Seems -additionally- that some US lawmakers fon't know that the US is a member of OSCE (since the very beginning, April, 12, 1961) and agreed to this decission.
0 Replies
 
DontTreadOnMe
 
  1  
Reply Tue 14 Sep, 2004 05:04 am
fbaezer wrote:
You see, fellows, the moment I read the title of the thread, I realized some US patriots would be angry,...But the idea of American near-perfection, the idea that you can critisize others but they can't critisize you, the idea that you're always right, has actually harmed the US


if you read through the threads on this site, you'll see that you are wrong about what "all americans" think. all of us here find problems with our country, not for the same reasons. not perfect in any way, for any of us.

but america is our home. and it would appear, that many, many people from all over the world want to make it their home.

criticism?? even before the goat roper from crawford got in the white house we heard enough from folks about how crappy our country was.but people still want to come here. and if they can't do it right away? they sneak in.

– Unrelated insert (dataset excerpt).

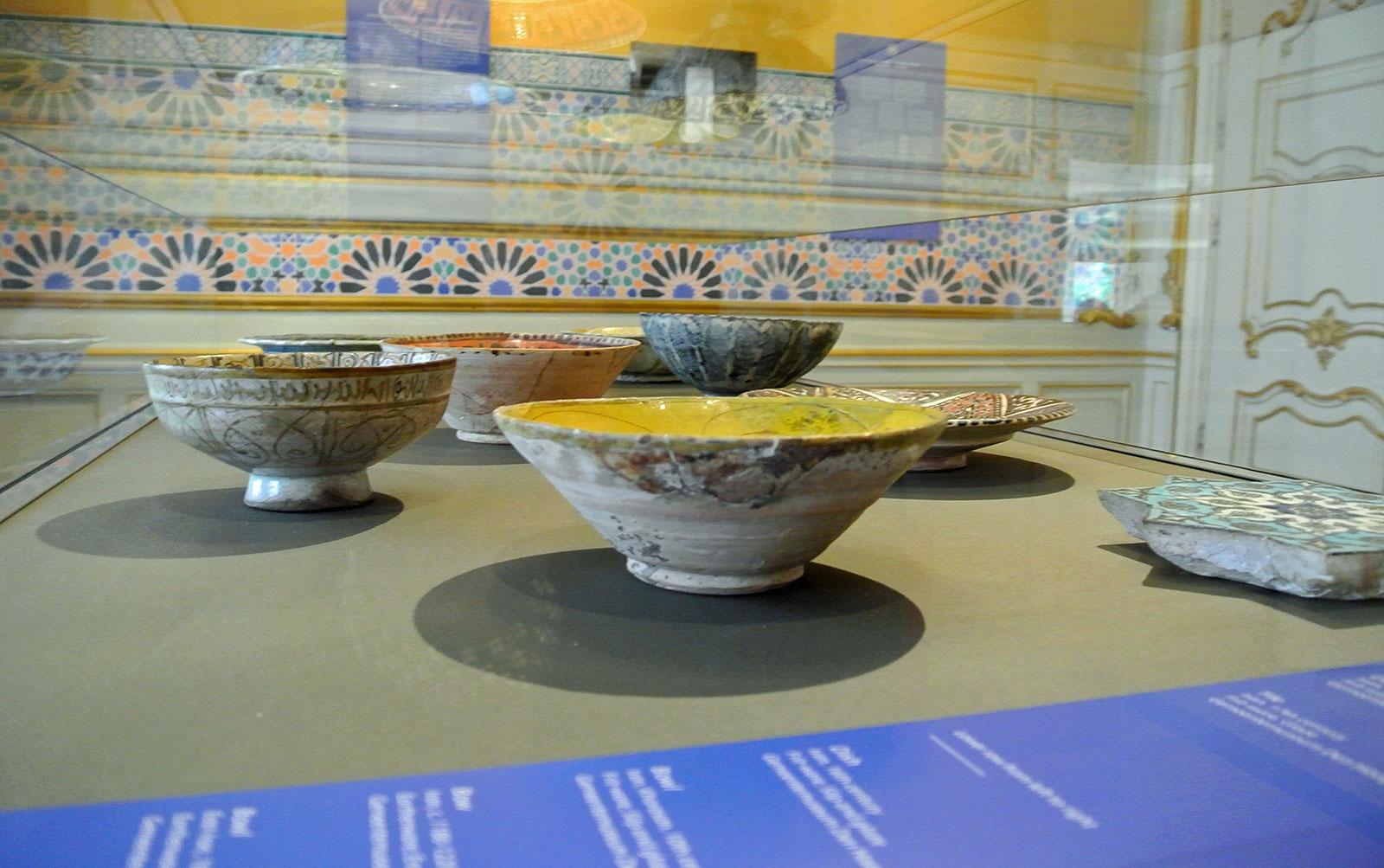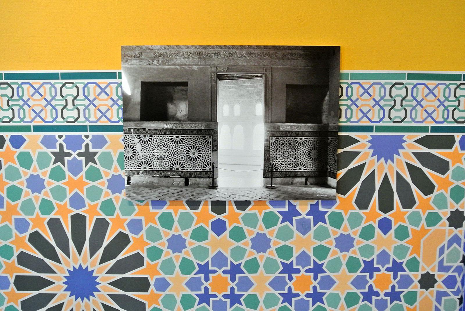 Because M.C. Escher was a printmaker and worked in edition, it was possible to show a number of the same prints in both museums. The Tropenmuseum showed, next to the graphical work of Escher, a focus on his drawings, studies, and tessellation studies. These were combined with masterpieces from the Islamic art collection of the Victoria & Albert Museum in London and with loans from the Kunstmuseum Den Haag. The objects from the Islamic world, shown both in Amsterdam and in The Hague, were used mainly in a non-religious setting. They come from a vast region, extending roughly from Spain to India. Escher has never seen these objects. He got his inspiration from the Spanish-Islamic art in Granada and Córdoba where he in 1922 and later in 1936 copied mosaics with his wife Jetta .

for all of our lesser than thou qualities, people sure do want to join us. even if it's only for money.

so much for the superior culture argument.
0 Replies
 
Grand Duke
 
  1  
Reply Tue 14 Sep, 2004 05:36 am
I get the distinct impression that some Americans are very paranoid. Why? What is there to "fear" from election observers?
0 Replies
 
revel
 
  1  
Reply Tue 14 Sep, 2004 05:52 am
I think it is an answer to our prayers. Even if it don't change anything at least there will be an outsider to add their two cents in and we won't have to depend on the likes of Chris Matthews basically calling old people stupid because of the mess of the florida election in 2000.

Besides if it is an agreement that we signed to then we got to live with it even if we don't like it. Thank goodness.
0 Replies
 
Grand Duke
 
  1  
Reply Tue 14 Sep, 2004 05:59 am
Sometimes an outside perspective on an issue (like the trouble in Florida) can be very helpful. Surely an impartial point of view would help to resolve matters quicker and to more peoples' satisfaction. Do those who would rather get rid the observers be happy for US observers to stop watching other countries' elections?